[Stored data entries]
↓
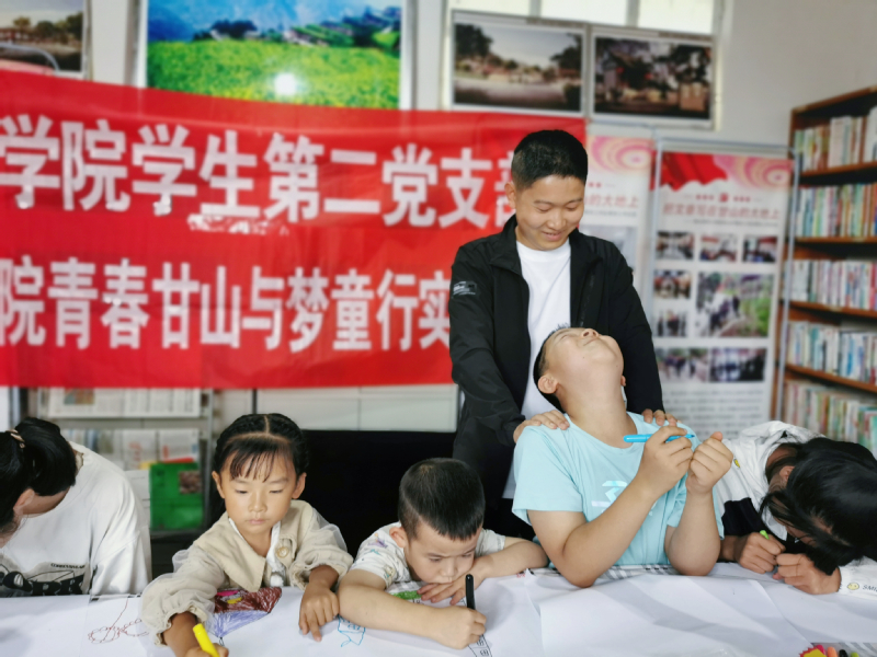 实践活动开始前,队员们号召全院学生开展了“好伙伴共成长”募捐活动,收到了同学们向甘山村的孩子们捐赠的图书和玩偶。实践期间,队员们组织了一系列趣味游戏与孩子们互动,开展了“未来的甘山”绘画比赛。孩子们纷纷拿起画笔,一笔一划地描绘着心目中美好的家乡,比赛结束后实践团也为孩子们送上了书包、台灯、钢笔等奖品。此外,学生第二党支部的党员也为孩子们精心准备了一节党课,向孩子们介绍了国旗、党旗和团旗等小知识。
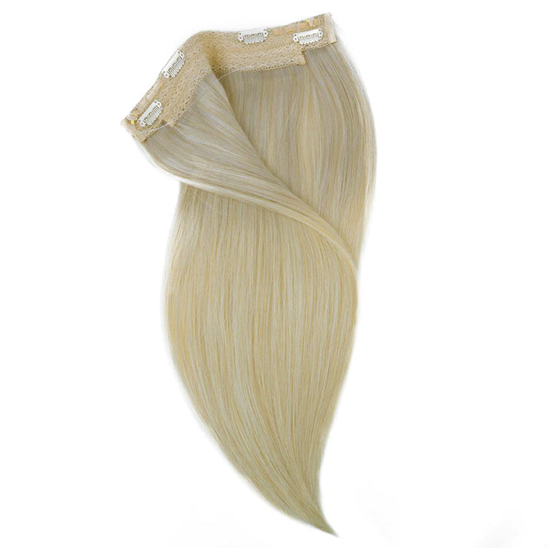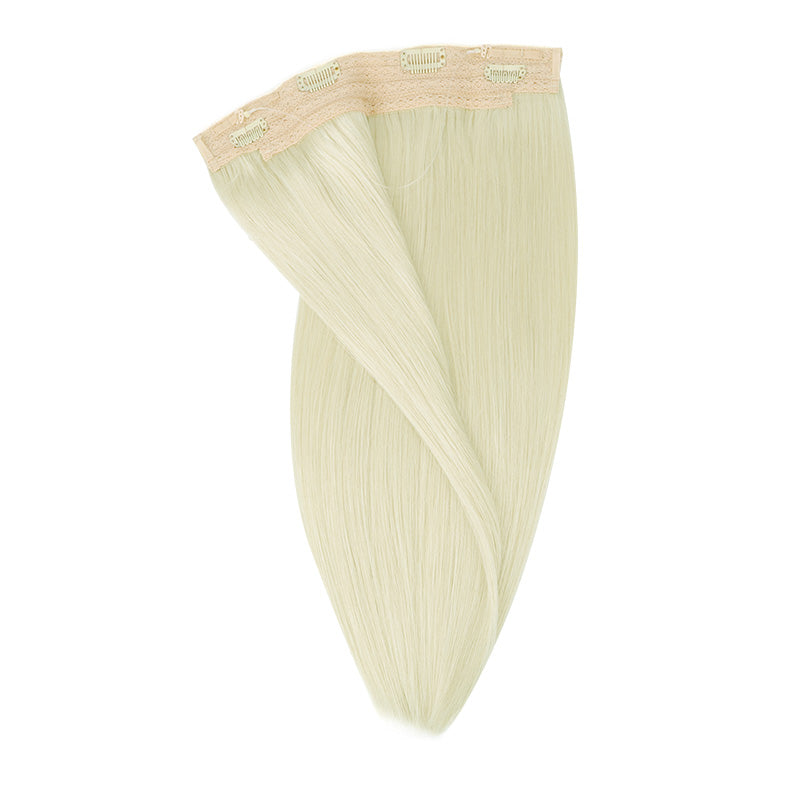 A single piece with an invisible wire. Super lightweight, no clips, easy to wear—perfect for beginners and fine hair.
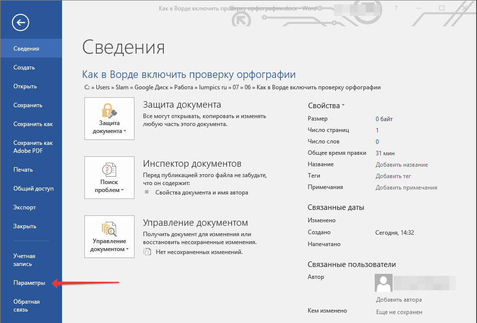 Настройки по проверке орфографии находятся во вкладке «Файл» → «Параметры».
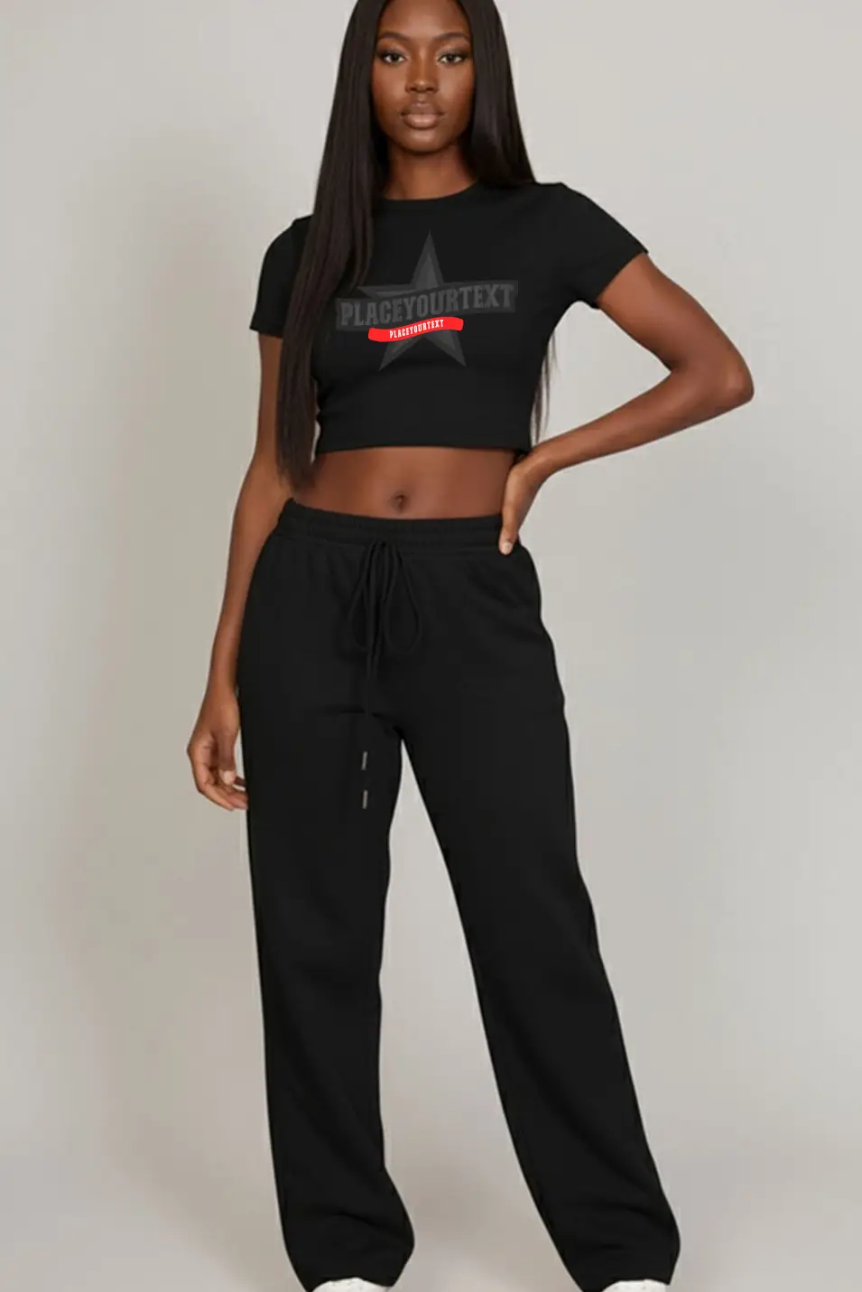 M | 2-Piece Crop Tee & Wide Leg Lounge Pants Set
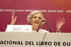 Poniatowska often gives presentations and is especially sought for talks and seminars in the United States.[5][6] She is considered to be Mexico's "grande dame" of letters[5][8] but she has not been recognized around the world like other prolific Latin American writers of her generation.[5] She has also not been fully integrated into Mexico's elite, never receiving diplomatic appointments, like Carlos Fuentes,[5] and turning down political opportunities. Nor has she spent much time in Mexico's elite literary circles. Fuentes once said that Poniatowska was too busy in the city's slums or shopping for groceries to have time for him and others. She says that such remarks show that she is considered more of a maid, a cook, or even a janitor in the "great House of Mexican Literature".[3][4]
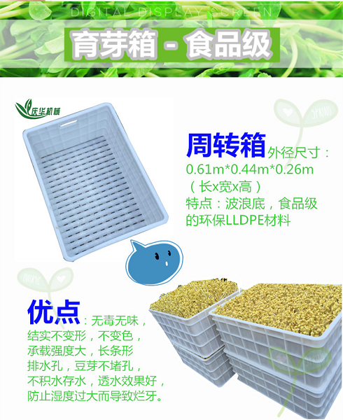 3、豆芽生產(chǎn)流程: 選擇芽豆 →→ 對豆種清洗并做無菌處理 →→ 浸種(適宜水溫) →→ 裝機(jī)(每箱約5斤干豆) →→ 啟動豆芽機(jī),設(shè)定合理參數(shù) →→ 對育芽室做無菌處理 →→ 1天后觀察豆芽生長情況 →→ 2天后觀察豆芽生長情況 →→ 3天后觀察豆芽情況 →→ 4天后收獲豆芽 →→ 豆芽清洗后包裝,上市。 4、豆芽機(jī)制造流程: 5、豆芽機(jī)產(chǎn)品特點(diǎn): 5)減少爛芽現(xiàn)象。豆芽生長的爛芽現(xiàn)象多發(fā)生在培育后的三天左右,由于手工生產(chǎn)豆芽的周期長,易出現(xiàn)爛芽現(xiàn)象,然而采用豆芽機(jī)生產(chǎn),三天左右豆芽已經(jīng)成熟,可以采收食用,不會有爛芽現(xiàn)象發(fā)生。 6、豆芽機(jī)結(jié)構(gòu)特點(diǎn)及功能(可根據(jù)客戶需要訂做): 4)周轉(zhuǎn)箱的外徑尺寸:0.61m*0.44m*0.26m(長寬高),特點(diǎn):波浪底,食品級的環(huán)保LLDPE材料,無味,結(jié)實(shí)不變形,不變色,承載強(qiáng)度大,長條形排水孔,豆芽不堵孔,不積水存水,透水效果好,防止?jié)穸冗^大而導(dǎo)致爛牙。 8、其它產(chǎn)量機(jī)械介紹: 其它機(jī)型介紹:
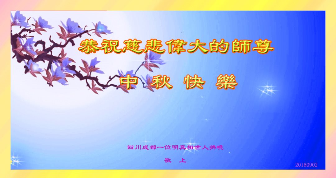中秋來臨之際,在正法的最後時刻,我們一定謹記師尊的教誨,以法為師,紮紮實實的做好師父交代的三件事,在修好自己的同時,多救人,兌現自己的史前誓約,讓師父少操心,堅修大法到底,跟師父回家。
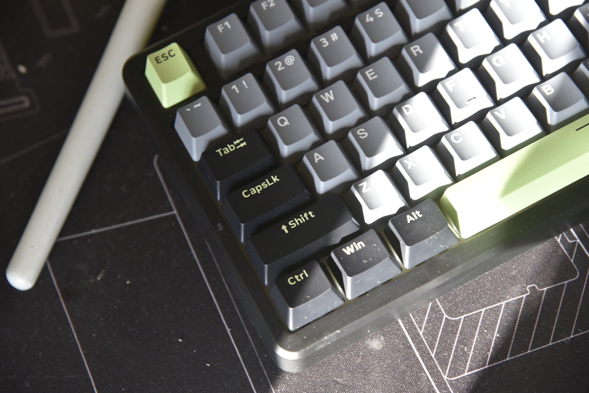 高含量PBT 键帽也得夸,表面有细细的颗粒感,摸起来不滑手,用了半个月没打油 —— 之前的 ABS 键帽一周就黏糊糊的,这个我天天用,键帽上的 “F5”“Enter” 字符还跟新的一样。而且全键支持热插拔,上周我忍不住换了 TTC 茶轴,段落感更明显,打《英雄联盟》按技能时 “咔嗒” 声超解压,新手也能轻松换轴,不用怕焊坏键盘。
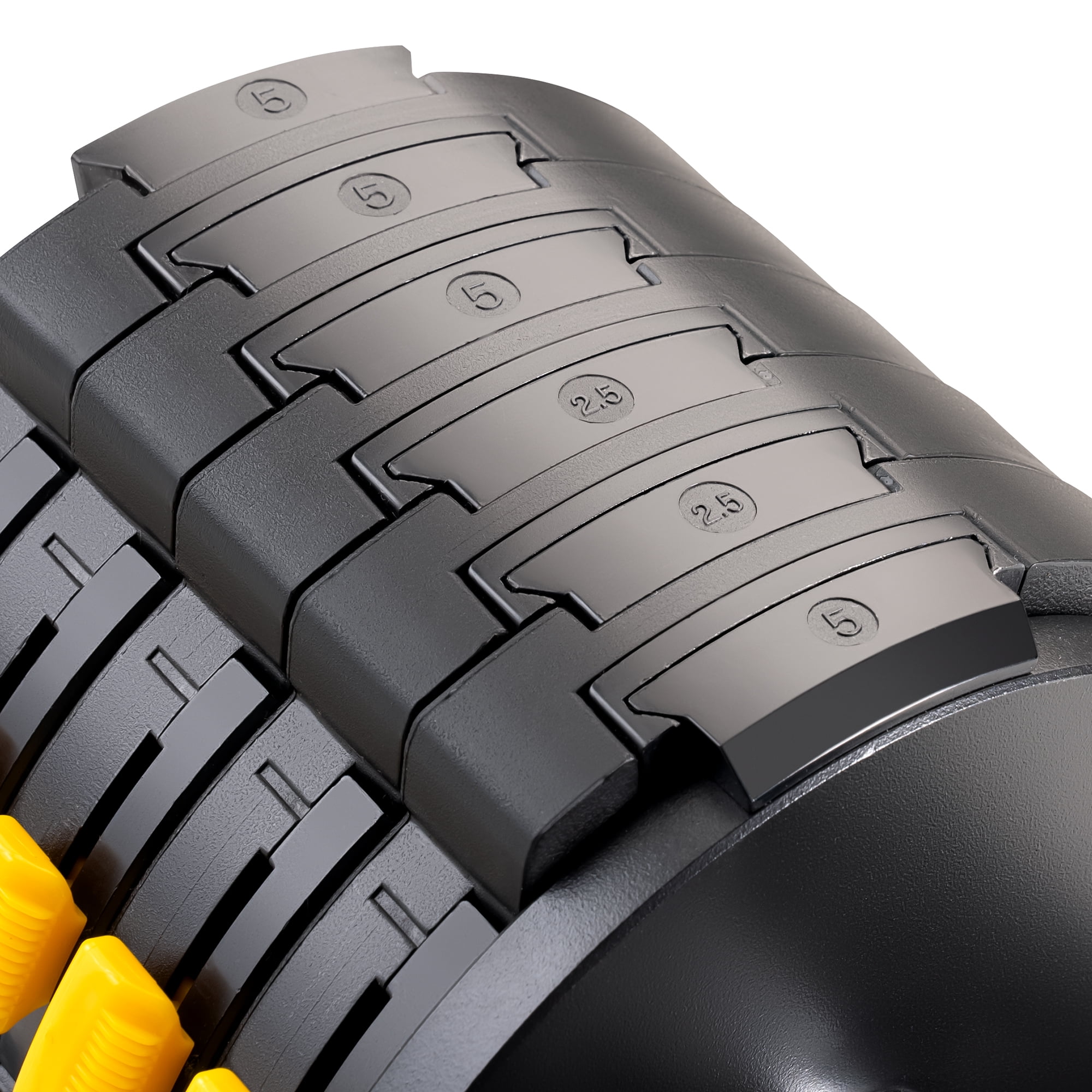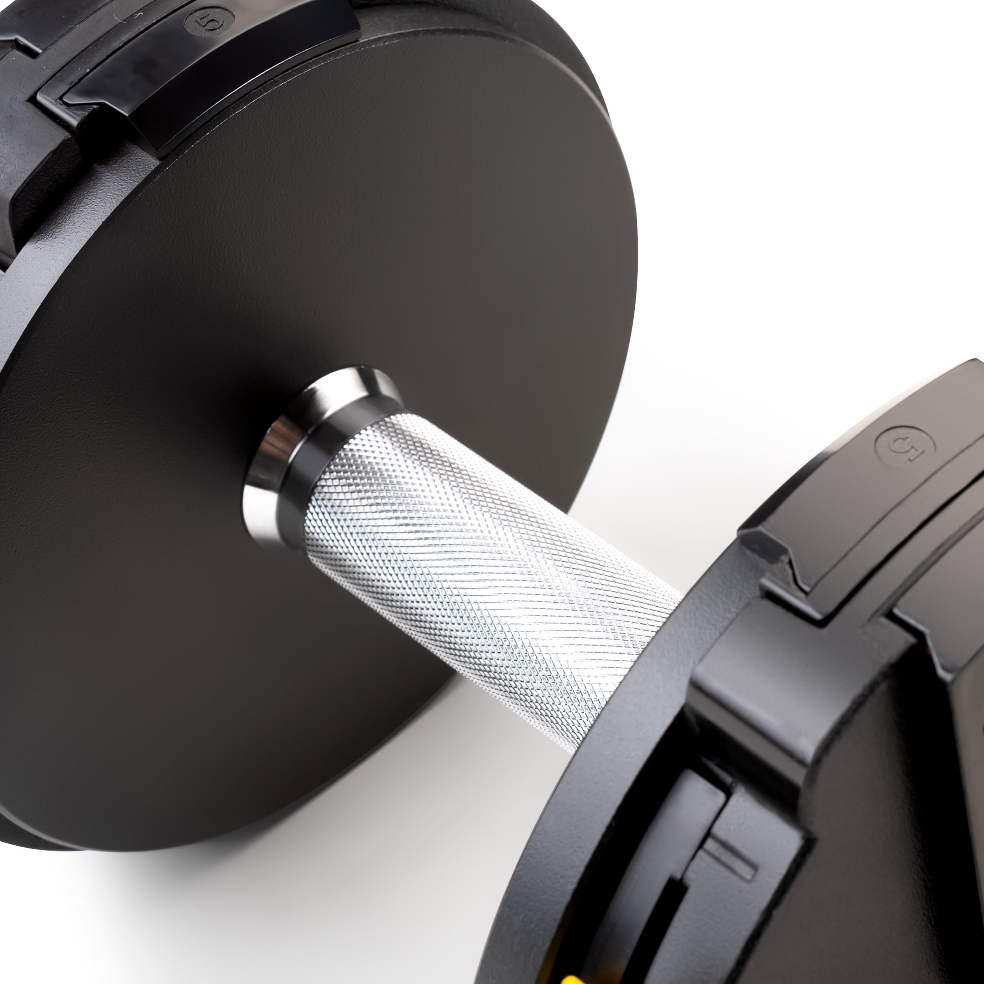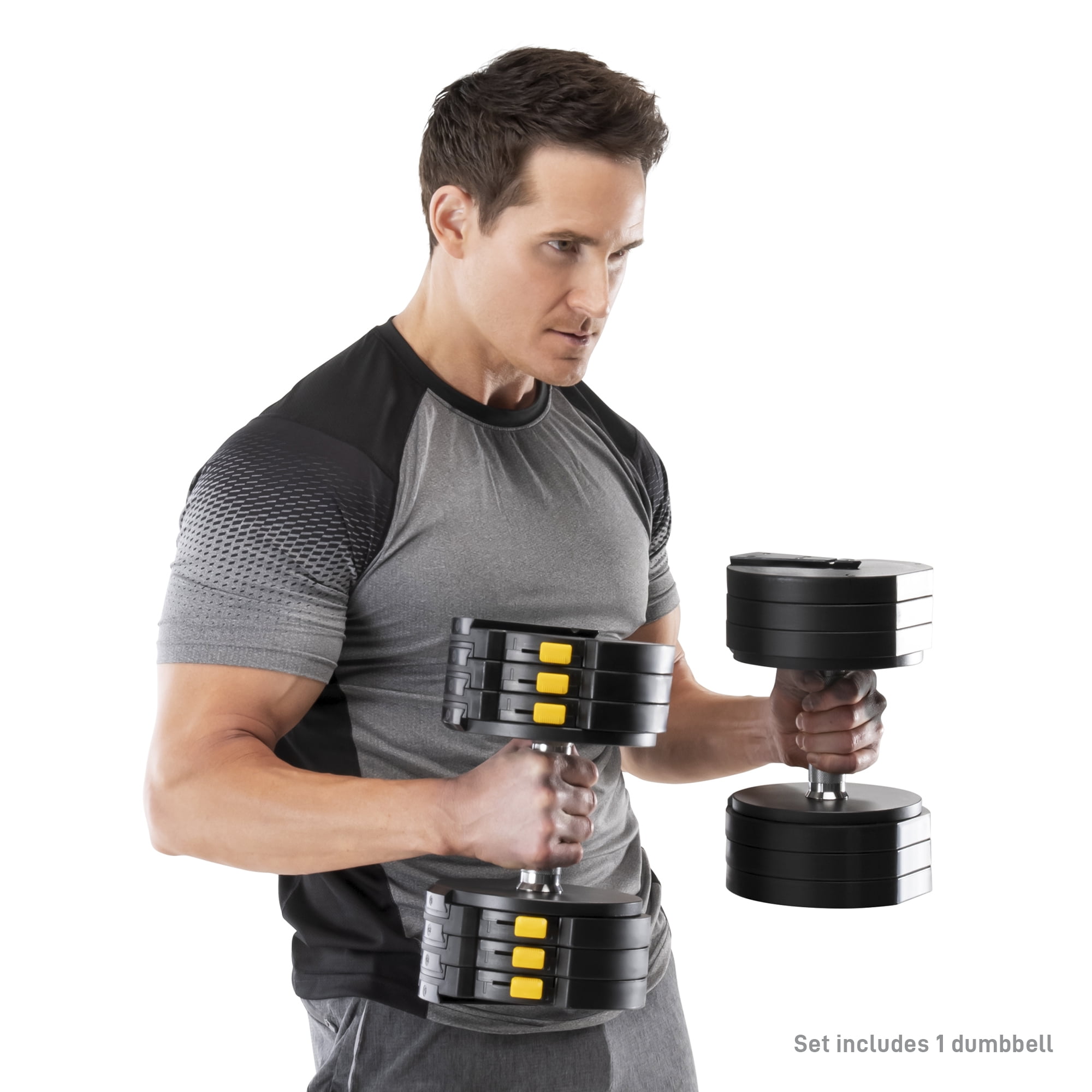 Marcy 6-in-1 Adjustable Dumbbells, Black, 50lb Adjustable Dumbbell System by Marcy includes 10 adjustable weight plates, totaling 50lbs Convenient weight selector allows easy selection of interlocking plates for your workout Modify your dumbbell weight between 10lbs and 50lbs: options include 10lb, 15lb, 20lb, 30lb, 40lb, and 50lb US Patent 7,588,520, powered by FLEX™ technology A knurled grip ensures a secure hold during intense workouts
↑
The problem
Using the records above, print exactly the lines between the ones containing "中秋來臨之際,在正法的最後時" and "高含量PBT 键帽也得夸,表面有细细的颗粒感,摸起来不滑手,用了半个月没打油 ——", inclusive, and nothing else; no pictures.

Your solution
中秋來臨之際,在正法的最後時刻,我們一定謹記師尊的教誨,以法為師,紮紮實實的做好師父交代的三件事,在修好自己的同時,多救人,兌現自己的史前誓約,讓師父少操心,堅修大法到底,跟師父回家。
 高含量PBT 键帽也得夸,表面有细细的颗粒感,摸起来不滑手,用了半个月没打油 —— 之前的 ABS 键帽一周就黏糊糊的,这个我天天用,键帽上的 “F5”“Enter” 字符还跟新的一样。而且全键支持热插拔,上周我忍不住换了 TTC 茶轴,段落感更明显,打《英雄联盟》按技能时 “咔嗒” 声超解压,新手也能轻松换轴,不用怕焊坏键盘。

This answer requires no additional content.